Leslie described what was on the screen. It was a rider to Majik’s insurance policy. There was an artwork endorsement for five thousand dollars. “This is the only thing I found. It can’t be an original if that’s the only coverage, but it’s a very odd sort of painting to be sitting in a high-tech office, so it must have some story attached to it. I already asked Beth Parker for some details about it on my diligence list. Who knows? Maybe a ten-million-dollar painting has been sitting behind Chris’s desk all these years and nobody bothered to ask anything about it. He’s flying back from Seoul tomorrow. He’ll be back in the office Friday.”
Jack leaned forward in his chair, as if he understood the implications of what Leslie had just said.
Kate turned to Ed. “I’d like to talk to Chris about that painting.
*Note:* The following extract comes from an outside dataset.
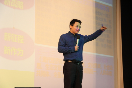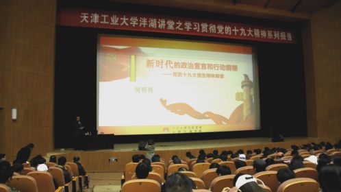 2017年11月12日上午,我校“泮湖讲堂之学习贯彻党的十九大精神”系列报告会在艺缘礼堂举行,特别邀请天津市“两学一做”宣讲团成员、天津市委党校倪明胜做题为“新时代的政治宣言和行动纲领——十九大报告精神解读”专题报告。全体辅导员、各学院学生党员等近800人参加,报告会由学工部副部长张录全主持。
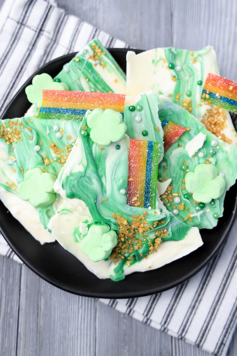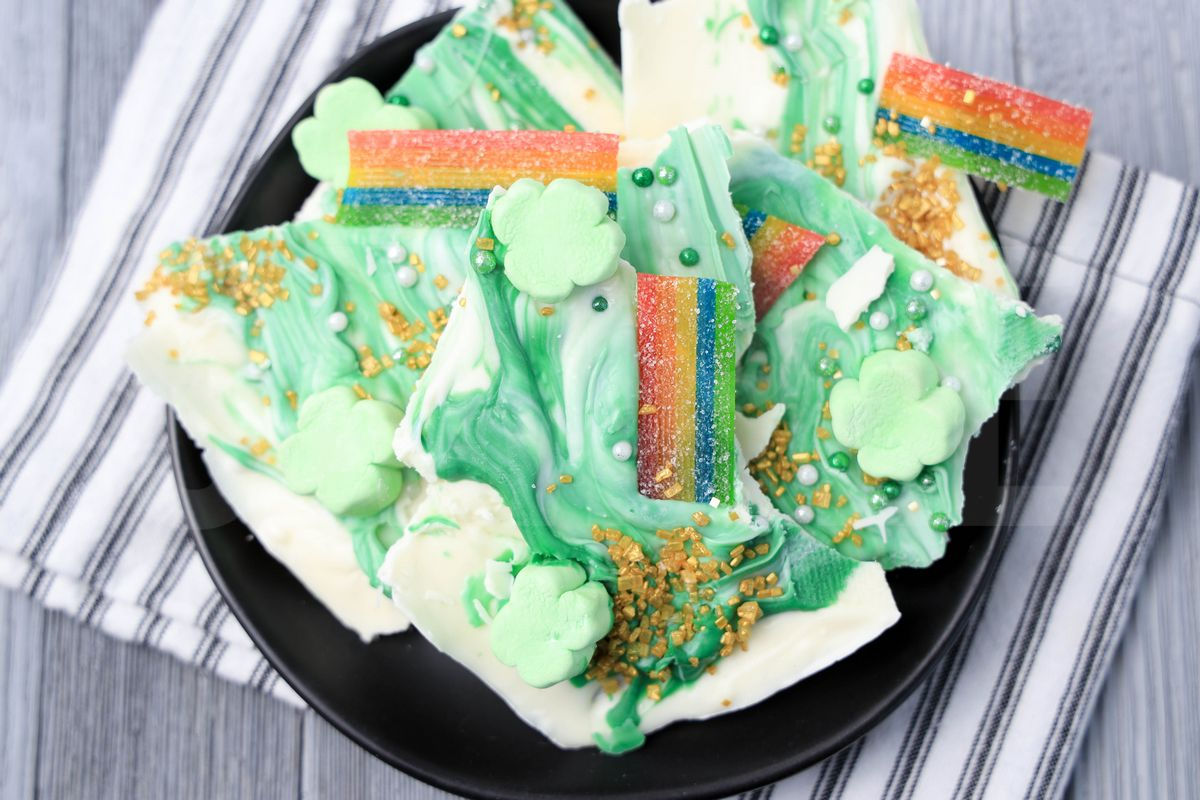 Leprechaun Bark is made with white chocolate, green candy melts, and rainbow airheads. This is a semi exclusive recipe. The Leprechaun Bark comes on a black plate with a white striped napkin on a gray wood backdrop. Set comes with 10 in process in the slow cooker (in process are the same for all sets) and 16 final shots (finals are different for each set) along with recipe in text format. Both vertical and horizontal shots are available for social media. One set of four. Sample removed on finals.

We’d have a lot more wind behind our sails with that on the balance sheet. At least it’s a hard asset.” If she were to be saddled with this albatross of a deal, she at least wanted the best possible bundle of facts she could muster.
Jack nodded his head and showed a tiny hint of a smile, which Kate took as his support for her suggestion. The gesture was little comfort in front of a hostile crowd.
Ed shoved the draft across the table to Kate. “We’ll talk later.”
Kate looked in Jack’s direction as a way of thanking him for not taking Ed’s side.
Ed got out of his chair and walked to the door. He turned toward Kate just before he disappeared into the hall. “Our business is very simple, Kate. We provide the brains and the guts to walk through walls for these stupid fucking companies that want to sell little pieces of themselves to every IRA in the country. Thank God they need us to navigate the territory for them. And by the way, where do you think all this money I throw around here comes from?”
There was no need to ask him to continue.
“We close deals, we get paid. We don’t close deals, we don’t get paid.”
SEVEN
Kate emailed the proposal to Chris later that afternoon and headed home for Sarah’s spring concert.
The orchestra played Appalachian Spring by Aaron Copeland. The children flagged a bit in some of the middle passages, but there were several moments when Kate closed her eyes and it was hard for her to believe the performers were no older than thirteen.
Sarah was in the first row, to the conductor’s immediate right, in a black Kate Spade dress. Her fingering of her cello was precise, her bowing measured.
Kate pressed closer into Peter as the applause reached a crescendo. “Look at Sarah, Peter. She was magnificent.”